Kodaly-DANCES OF GALANTA; Bartok-VIOLIN CONCERTO #2*; Mussorgsky/Ravel-PICTURES AT AN EXHIBITION: Isabelle Faust*/Atlanta Symphony Orchestra/Kevin John Edusei, cond.; March 21


Orchestral technicians are almost a dime a dozen nowadays. Great interpreters are fewer. At first hearing, German-born maestro Kevin John Edusei can clearly handle an orchestra. The jury, however, is still out on his interpretive posture.


The Atlanta Symphony played impressively for the newcomer, aided by the pinpoint clarity of the Woodruff Center's acoustics. After decades of hearing the rich impasto of the Minnesota Orchestra, for instance, or the surprisingly hefty Augusta Symphony, the Atlanta band's sonority comes as somewhat of a shock. It's a lean, transparent sound, light on vibrato (although the strings have eiderdown softness) but long on élan. Put simply, they live up to their hype.



One has certainly heard tonally richer renderings of Zoltan Kodaly's Dances of Galanta, including—surprisingly—that of the modest-sized Saint Paul Chamber Orchestra under Hugh Wolff (Teldec).
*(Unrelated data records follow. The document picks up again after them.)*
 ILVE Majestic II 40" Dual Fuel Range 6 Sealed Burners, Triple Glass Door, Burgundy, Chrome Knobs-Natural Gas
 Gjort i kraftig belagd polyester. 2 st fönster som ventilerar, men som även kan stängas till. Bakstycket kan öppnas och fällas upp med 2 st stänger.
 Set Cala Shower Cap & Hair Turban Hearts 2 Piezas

Edusei's interpretation of the suite was more tone poem than terpsichorean essay. The dance-like, folk-derived character of the music was downplayed in favor of a homogenized, middle-European palette, leavened somewhat by Jesse McCandless' characterful clarinet solos.


Similar homogeneity applied to Bartok's second violin concerto, a work to which I admittedly have not yet warmed. Again, any sort of folkish roots were minimized. The concerto is thought to reflect Bartok's angst over what his native Hungary was suffering under Admiral Horthy's fascistic, anti-Semitic regime in the late 1930s. It certainly sounds like a cri de coeur in Yehudi Menuhin's early recording (on Testament), seconded by a surprisingly spiky Wilhelm Furtwangler.
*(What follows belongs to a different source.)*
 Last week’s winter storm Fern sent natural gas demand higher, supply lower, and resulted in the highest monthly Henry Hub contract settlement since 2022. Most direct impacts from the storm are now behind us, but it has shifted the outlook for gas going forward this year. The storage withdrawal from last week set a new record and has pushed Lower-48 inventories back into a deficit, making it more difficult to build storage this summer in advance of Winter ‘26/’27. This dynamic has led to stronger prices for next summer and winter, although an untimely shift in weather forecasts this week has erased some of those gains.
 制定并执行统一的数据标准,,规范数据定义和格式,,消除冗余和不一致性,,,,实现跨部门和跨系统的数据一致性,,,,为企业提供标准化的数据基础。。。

Guest soloist Isabelle Faust's rendering deemphasized anguish in favor of melancholy and muted virtuosity. She didn't treat the concerto as a showpiece, but one was left feeling there was more in it than she and Edusei extracted. Faust certainly has the violinistic chops for it, as evinced further in a lengthy, delicated shaded and (alas) unnamed encore.
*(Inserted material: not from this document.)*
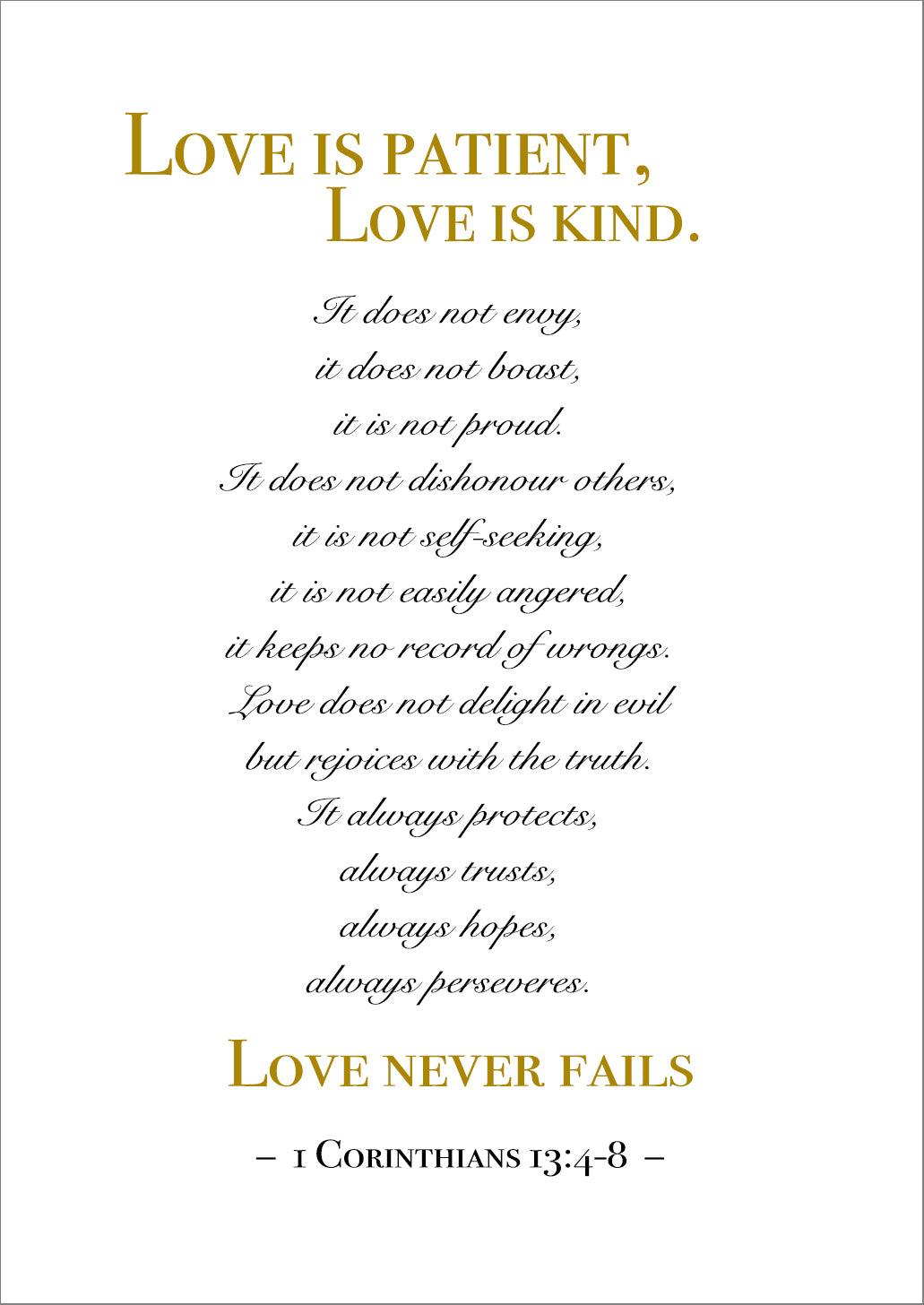 A stunning print of the verse Love is Patient, Love is Kind, a popular reading at weddings. The artwork has been printed with light-fast inks on premium quality 210gsm matte paper.

Edusei can craft a program, as his intelligent pairing of best friends Kodaly and Bartok alongside comparably folkish Modest Mussorgsky showed. The latter's Pictures at an Exhibition closed the program and, admittedly, Maurice Ravel's beyond-brilliant orchestration does a great deal of the conductor's work for him. That being said, there's more wit and point in some of its movements than Edusei indicated. Humorous movements like "Tuileries" and "The Ballet of the Unhatched Chicks" were poker-faced, as was "Limoges."



No, Edusei's emphasis was on the bigger and grimmer moments, like memorably expansive readings of "Bydlo" and "The Old Castle." "Catacombs" was suitably mournful, "Baba Yaga" took flight with panache and it was clear that Edusei was scaling his interpretation throughout with an eye to "The Great Gate of Kiev," which made a fittingly monumental capstone. (That's true even after having been spoiled by Sergiu Celibidache's Pictures. No "Great Gate of Kiev" is half so grand as Celi's.) The audience fairly roared its approval and rightly so. Kudos, by the way, to the forthright trumpet solos of Michael Tiscione and the cool-toned, uncredited saxophonist.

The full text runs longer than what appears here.